Photorealistic image of a cracked deep-blue IBM mainframe cabinet
IBM's stock dropped 26% this year, dragging down Wall Street, while some tech giants like Micron and Nvidia rallied. (AI-generated image) IBTimes UK

IBM lost roughly $68B (£51B) of its market value in a single session on Tuesday, its worst one-day crash since price records began in 1968, after the company admitted clients had abruptly diverted their technology budgets from software to AI hardware. For British savers, the name sits inside the Dow and the global tracker funds most pensions use, so the damage did not stay in New York.

The shares fell 25% to close at $217.05, cutting the company's valuation to just above $200B, after IBM released preliminary second-quarter figures a week ahead of schedule. Revenue of $17.2B (£12.8B), up 1%, missed the $17.86B analysts expected, and adjusted earnings of $2.93 per share came in below the $3.01 consensus; infrastructure revenue fell 7% while software grew 5%, roughly half the pace forecasts implied.

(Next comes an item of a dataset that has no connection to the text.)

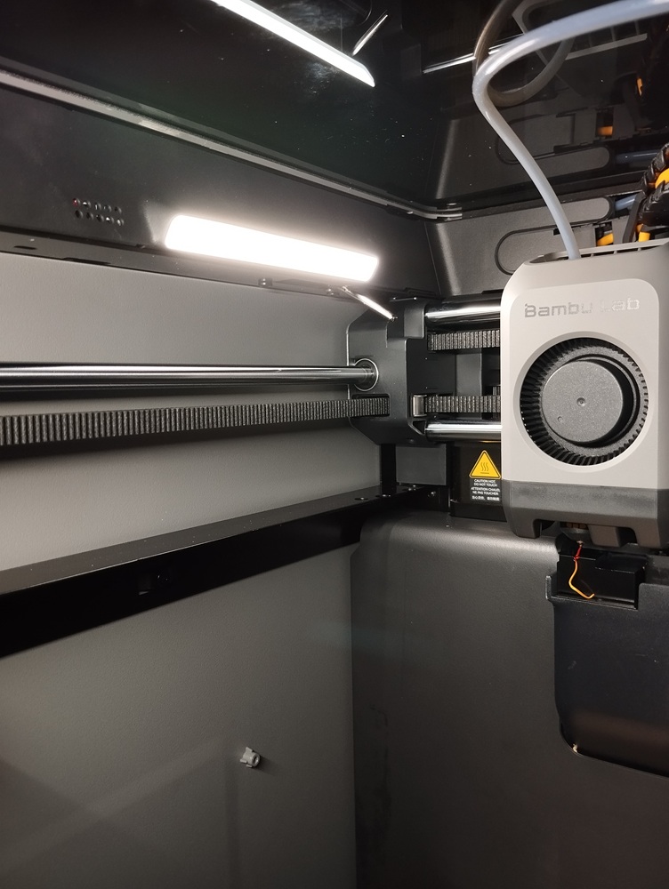 Le guidage est assuré sur tous les axes par des tiges lisses de 8 mm et des roulements linéaires, contrairement à la série P1 et X1 qui ont des tiges en carbone sur l’axe X. Bambu Lab a trouvé comme prétexte que les tiges lisses étaient plus facile à nettoyer que les tiges en carbone, c’est sûrement vrai mais pour ma part, je pense plutôt à une question d’économie tout en conservant une qualité d’impression optimale.

Chief executive Arvind Krishna told investors in a letter that clients spent the final weeks of June rushing to buy servers, storage, and memory before prices rose further, starving budgets for the new z17 mainframe and its software stack and letting numerous large deals slip past the quarter's close. 'This quarter we faltered,' he wrote, saying the company had not anticipated the scale of the shift.

Why Clients Suddenly Bought Chips Instead

The stampede has a cause. Memory manufacturers led by Samsung, SK Hynix, and Micron have moved production to the specialised chips that power AI data centres, with capacity effectively sold out for 2026 under long-term contracts, and Micron's chief executive expects tight conditions to persist beyond 2027. Research firm IDC puts global AI infrastructure spending at $487B (£363B) this year, up 53%. IBM also said cybersecurity fears set off by the debut of Anthropic's Mythos model, which the AI firm itself warned could help attackers find flaws, paused several large deals, prompting IBM to launch its Lightwell open-source security platform in response.

The scale of Tuesday is easiest to see against the company's own history, as the chart below shows.

Bar chart of IBM's three worst one-day share price falls
Tuesday's slide surpassed Black Monday, the record holder for 39 years. IBTimes UK

The 1968 in the record books is a starting line, not an earlier disaster: it is the year from which the stock's continuous daily price record runs, so Tuesday's fall is the deepest in everything that can be measured. IBM has traded in New York since 1916, but the daily archive only begins in 1968, which is where any comparison has to stop. The benchmark Tuesday broke had stood since Black Monday in October 1987, when IBM fell 23.7% as the whole market collapsed, and this February's 13% drop, its worst since 2000, had already hinted at the pressure, coming after an AI tool promised to automate updates to the COBOL systems IBM still supports. The stock is now down 26% for the year.

Wall Street piled on. HSBC cut the stock to reduce its target from $231 to $191, with one of its analysts telling clients to 'prefer synthetic IBM to the real one,' while the warning dragged Salesforce down 4% and Microsoft almost 3%. The other side of the trade rallied: Micron rose 5%, Nvidia gained, and only a blowout quarter from Goldman Sachs stopped IBM's 429-point drag from sinking the Dow.

Bargain or Broken? The Street Splits

Wednesday's debate is whether the punishment fits. Evercore's Amit Daryanani argued the issues are bigger than one company; Hightower's Stephanie Link called IBM still well set up in quantum and enterprise AI; and KKM's Jeff Kilburg framed the weakness as a buying opportunity. The shares edged back to $219.51 after hours. IBM, for its part, pointed to the more than $10B (£7.5B) it has committed to building its own large-scale quantum computer by 2029, and separately to its expanding AI partnerships, which include OpenAI.

The real verdict arrives on 22 July, when the full results and Krishna's recovery plan are released. Until then, anyone with a workplace pension in a global tracker owns a sliver of this crash, whether they follow it or not, and the question that matters is the one Tuesday raised: whether the AI boom feeds the world's biggest software sellers, or eats them.